24 February 2021
Toxicological Assessment of Flavored e-liquids in Sprague Dawley Rats in an OECD Subchronic Inhalation Study Complemented by Systems Toxicology Endpoints
Below is the transcript of the video:
Hi, I'm Jenny Ho. Today I would like to present the poster entitled Toxicological Assessment of Flavored e-liquids in Sprague Dawley Rats in an OECD Subchronic Inhalation Study Complemented by Systems Toxicology Endpoints. It is important you note that Philip Morris international is the sole source of funding and sponsor of this project.
Smoke-free products have the potential to replace cigarettes in the near future. An important aspect for the success of these products is the use of flavoring substances. However, very little is known about the safety of these substances when used in inhalations. In this work, we assess the toxicity of flavored e-liquids in a 90-day inhalation study in accordance with the OECD test guideline 413.

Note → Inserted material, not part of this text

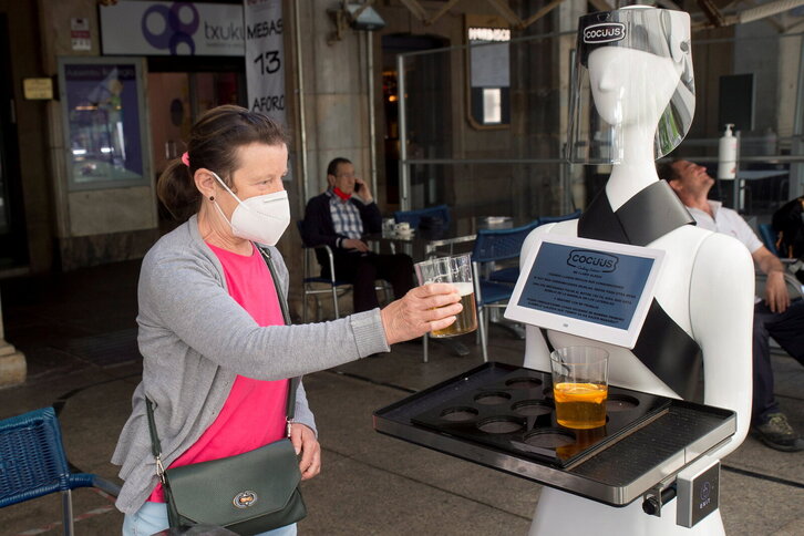 Covid-19. Arintze fasea Iruñean. Baviera taberna, robot zerbitzaria.

The test item was an e-liquid containing nicotine, PG, and VG at the defined concentrations and flavor mixture with 28 flavoring substances, which were selected using a combination of predictive software and extensive literature review to represent different chemical and metabolic classes. We had six different groups of rats, three of them were tested at three different flavor mixture concentrations. The results were compared with a control, which is PBS and two comparator groups, which exposed to non-flavored e-liquids and PG/VG with flavor mixture at medium concentrations to gain better understanding of possible synergistic effects between nicotine and flavoring substances. Aerosols were generated by using 6-jet Collison nebulizers while the rats were restrained and exposed in flow-past nose-only exposure chambers. Aside from classic OECD endpoints, we also assessed a series of biomarkers of exposure, pulmonary inflammation in rats, as well as global transcriptomics changes in tissues. Test atmosphere characterizations revealed that aerosol generation was under control since studying means of daily nicotine, PG and VG at the breathing zone of each exposure chamber fall within plus minus 10% of the target concentrations.

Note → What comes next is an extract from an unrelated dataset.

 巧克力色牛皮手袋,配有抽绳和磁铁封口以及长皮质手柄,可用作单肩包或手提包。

Moreover, the L-carvone quantifiers, representative of the flavor mixture in the test atmosphere, was found to be within the expected concentrations. Correct aerosol uptake was confirmed by measuring different biomarkers of exposure in blood to measure concentration of cotinine a metabolic of nicotine and L-carvone confirmed the consistent uptake of aerosols by the rats.
Pulmonary inflammation was assessed by evaluating the free lung cells and inflammatory mediators in the broncheoalveolar lavage fluid of rats exposed to test and reference items. The results showed no significant increase in the number of recovered cells and minimal changes in the inflammatory mediators. Organ weights show the typical changes associated with a procedure related stress response, including higher weights of adrenal glands, and lower weights of thymus and spleen, mainly in groups exposed to nicotine-containing aerosols. Nicotine exposure also resulted in higher liver weight.
Histopathology of the respiratory organs revealed low incidence changes in the test item-exposed rats and mainly sporadic findings observed in a few rats across groups, including the vehicle control. Only in the larynx, which is the most sensitive site, we observe a minimal to mild squamous metaplasia in all groups, and all the effects were fully reversed after the recovery period. The quantitative, more formal metric analyses were in agreement with the histopathological assessment and highlighted a slight trend in increase of thickness following nicotine exposure, with the majority being not statistically significant.
The transcriptome analysis of the nasal epithelium, lung and liver revealed no or limited differentially expressed genes following exposure to flavoring substances. In contrast, the effect of nicotine on liver transcriptome was evident, with few hundreds of genes up and downregulated.
In conclusion, the results confirmed that the aerosols were well generated and taken up by the rats. The biological effects related to test item exposure were limited and in line with our previous findings following nicotine exposure. Analyses of broncheoalveolar lavage fluid suggested the absence of pulmonary inflammation in agreement with histopathology of respiratory organs, which revealed on these subtle, adaptive, and reversible changes. The flavoring substances did not induce a measurable biological response at the transcriptome levels. Finally, no apparent additive or synergistic toxic effects were observed among the flavoring substances at the tested levels.
Thank you very much for your attention.
Important: This presentation is for the purpose of publishing and disseminating scientific information about Philip Morris International’s efforts to develop and assess products that have the potential to reduce individual risk and population harm associated with tobacco use. This presentation is for audiences of scientists, public health and regulatory communities, and other stakeholders with an interest in tobacco policy. The purpose is not advertising or marketing. It is not intended for use by consumers.